Securities regulators are conducting a greater volume of compliance sweeps, and they’re finding an alarming number of deficiencies at many firms, regulators said on Wednesday.

Speaking at the Registrant Regulation Compliance Strategies Summit in Toronto, hosted by the Strategy Institute, Prema Thiele, partner at Borden Ladner Gervais, LLP said the Ontario Securities Commission, in particular, has been conducting a slew of compliance reviews in such areas as marketing, relationship disclosure and suitability.

“There has been, I would say from my own perspective, a record number of Ontario Securities Commission compliance sweeps,” said Thiele. “The need to focus on compliance continues.”

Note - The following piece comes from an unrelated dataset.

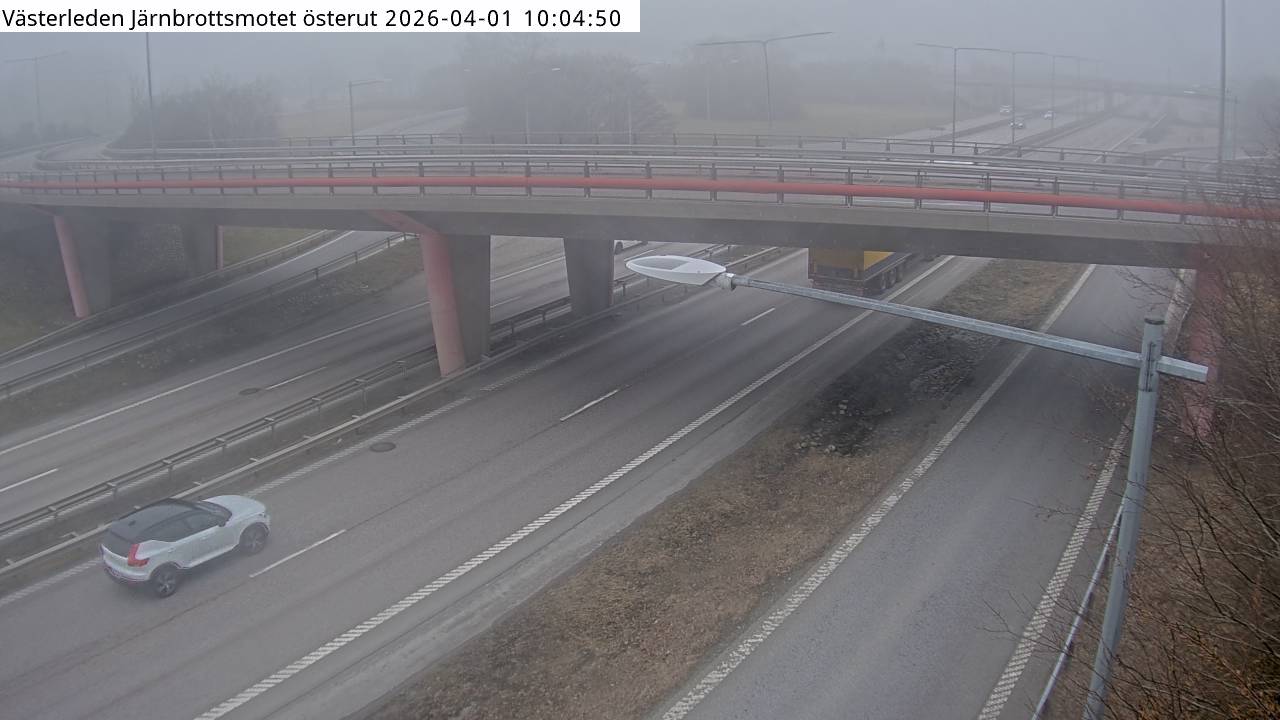 Kameran är placerad på E20 vid Järnbrottsmotet och är riktad västerut.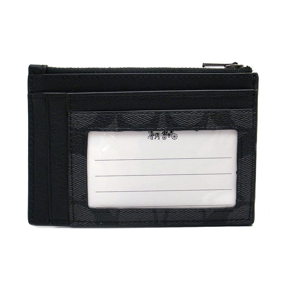 ■商品説明素材PVCコーティングキャンパス×レザー カラーチャコール×ブラックサイズ横12.5cm×縦9cm×厚み1.5cm 付属品なし仕様ファスナー式開閉/外側:ファスナー式小銭入れ×1、カードポケット×6、オープンポケット×2、IDポケット×1こちらの商品は、コーチ直営のアウトレットから買い付けた商品です。

The results of these regulatory reviews have been “dismal”, according to Thiele. In fact, some firms have as many as 16 or 17 compliance deficiencies, or more, according to George Gunn, manager of registrant conduct and risk analysis team in the compliance and registrant regulation branch of the Ontario Securities Commission.

One of the most common compliance deficiencies is abuse of the accredited investor exemption, Gunn said. Many registrants rely on the exemption in situations where clients don’t qualify.

“That is the number one problem, for sure,” Gunn said.

“Exempt market products are only available under certain circumstances and under certain purchases,” said Michael Denyszyn, senior legal counsel with the registrant conduct and risk analysis team at the OSC. “Attempts to cut corners and distribute it to people who don’t qualify for a valid prospectus exemption, we consider that to be a significant deficiency.”

Thiele said many registrants simply aren’t aware of what falls within the accredited investor exemption. She expects that regulators may modify the definition of an accredited investor as audits continue to reveal problems in this area.

Other “significant” deficiencies that the OSC commonly finds include inadequate supervision of registered representatives by firms’ compliance departments, and inadequate compliance with Know Your Client and Know Your Product rules.

“If you’re not collecting and documenting know your client information, if you’re not getting the kind of information that 31-103 requires you to get from the client, that would be a significant deficiency,” Denyszyn said, adding that these kinds of deficiencies require immediate attention.

Suitability is another key area of focus for regulators conducting compliance reviews, according to Mark French, manager of regulation and compliance in the capital markets regulation division of the British Columbia Securities Commission.

“We at the BCSC certainly are seeing suitability assessments as an area of great concern,” French said. Nearly every examination conducted by the BCSC reveals problems with suitability, he said.

“I think it’s safe to say that you’ll see this as an area of consistent focus going ahead.”

Firms that have not been audited in recent months should expect to be contacted by regulators in the coming weeks, according to Thiele, and should ensure their compliance practices are up to standard.

“Make sure you’re paying attention to what’s coming out of the OSC on their compliance audit reports,” she said.